Exact reproduction of the listing is required. Pictures are not reproduced.

* **Data excerpt**:
┄┄┄┄┄┄┄┄┄┄
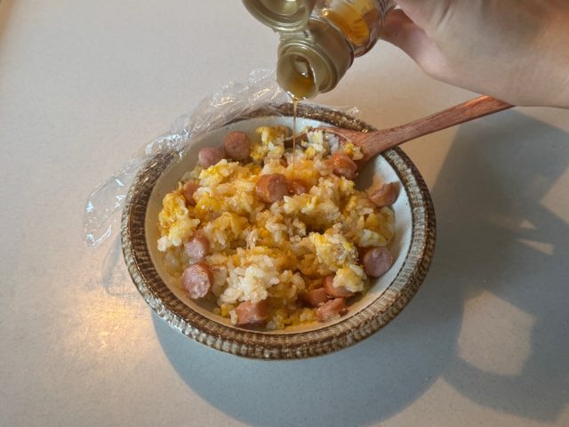 【4】レンジから取り出して、ごま油を加えて全体を混ぜ、再び40秒加熱して仕上げる。
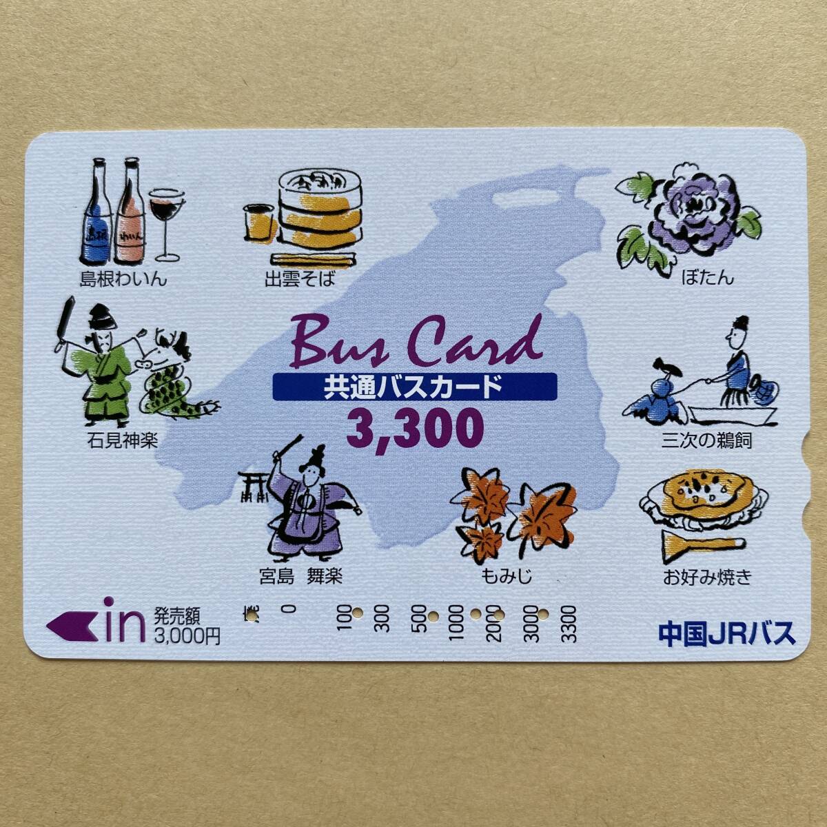 - 【使用済】 バスカード 中国JRバス 島根わいん 出雲そば ぼたん 石見神楽 三次の鵜飼 宮島舞楽 もみじ お好み焼き
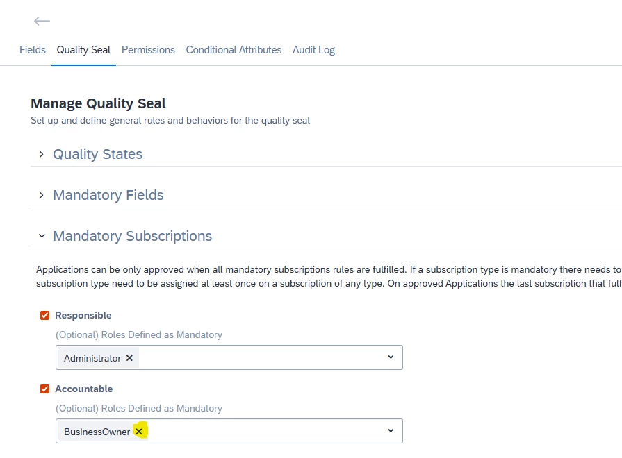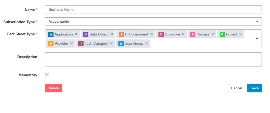 We have set up the Business Owner subscription to be required when creating a new application fact sheet but I want it to be optional and no longer required. Only the Application Owner should be required. When I go to change this, the "Mandatory" check box is greyed out and it says "This can only be changed in self-configuration". How do I change this so it's no longer required when creating a new fact sheet?
┄┄┄┄┄┄┄┄┄┄
* **Exercise response**:
 【4】レンジから取り出して、ごま油を加えて全体を混ぜ、再び40秒加熱して仕上げる。
 - 【使用済】 バスカード 中国JRバス 島根わいん 出雲そば ぼたん 石見神楽 三次の鵜飼 宮島舞楽 もみじ お好み焼き
 We have set up the Business Owner subscription to be required when creating a new application fact sheet but I want it to be optional and no longer required. Only the Application Owner should be required. When I go to change this, the "Mandatory" check box is greyed out and it says "This can only be changed in self-configuration". How do I change this so it's no longer required when creating a new fact sheet?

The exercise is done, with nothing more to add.